Alston Contributes to NIL Fiasco

  • The NCAA waited on the Alston ruling before voting on NIL rules to see if NIL proposals violated antitrust.
  • Now, the ruling complicates the NCAA’s proposals even further, and rules are even more delayed than before.
Photo: Joseph Cress-Iowa City Press/Design Alex Brooks

The Alston ruling itself won’t translate to cash payments. But it indirectly affects something that will: athletes profiting from their name, image, and likeness.

With NIL — as with many things — the NCAA insists on passing the strictest rules possible. But strict NIL regulations could be a violation of antitrust, so the NCAA wanted to wait on the Alston ruling.

Now, the high court has said the NCAA is subject to antitrust. It will be even harder for the governing body to draft and approve NIL laws by July 1, when other state laws take effect. 

The NCAA’s actions will bring a recruiting fiasco, future legal battles, and an overall loss of precious control. For athletes and the NIL industry, they created a complex web of rules and laws that no one seems to fully understand.

Confusion Mounts

The landscape of disparate state laws has confused not just athletes, but also agents and schools. 

Athletes aren’t sure when state laws go into effect — and even if they are, they don’t know whether to follow their home state laws or school state laws, University of Florida law professor and lawyer Darren Heitner told FOS. Agents don’t know if they can give “marketing guarantees/advances” to athletes.

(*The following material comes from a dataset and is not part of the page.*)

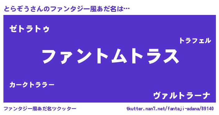 | 女子向けラノベタイトル風あだ名 | 『とらぞう様がみてる』 |

And athletic departments don’t know what types of companies they’re allowed to work with and how they should plan to review NIL contracts.

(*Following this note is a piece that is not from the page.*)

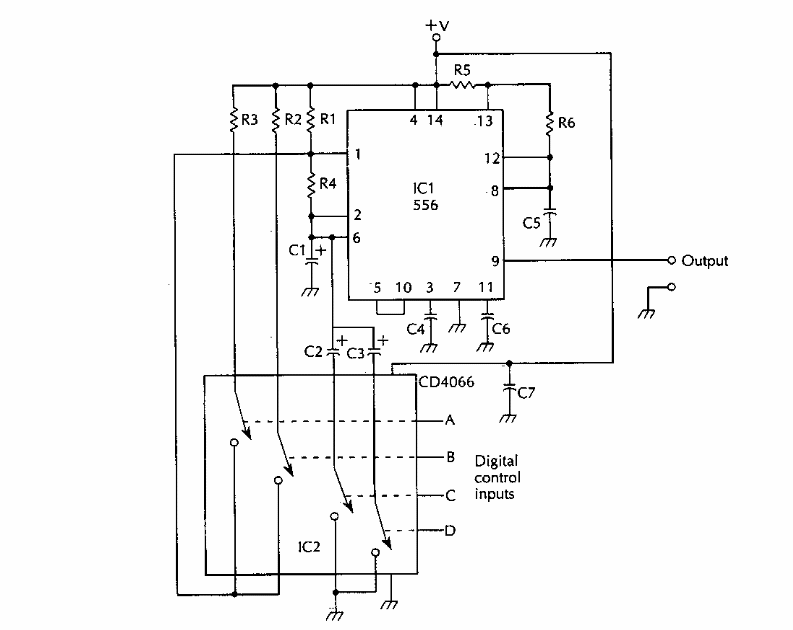 Found in American documentation from the 90s, this circuit generates sound bursts according to the digital control.

“This is just the tip of the iceberg with regard to the questions I have been receiving,” Heitner said.

Dustin Maguire, sports attorney and founder of NameImageLikeness.com, told FOS that he’s being asked what the correct “market value” for NIL deals will be, and who will come up with those numbers. 

“I look forward to getting answers to these questions myself,” he said.

Making Due

Despite the complications, NIL companies and athletes are forging ahead. There’s too much money projected to flow through this new industry for them to sit on their hands like the NCAA.

NIL marketplace Icon Source, for example, has been doing “outreach” primarily “in the states which have legislation starting on July 1,” EVP of Icon Source’s Collegiate Division Drew Butler told FOS.

Over at Florida-based marketplace Dreamfield, co-founder and CEO Luis Pardillo is testing technology, hiring, and working on a marketing plan. “There are many athletes that haven’t recognized the full potential of their brand,” he said. “But once they see their peers striking deals, they’ll soon capture their value.”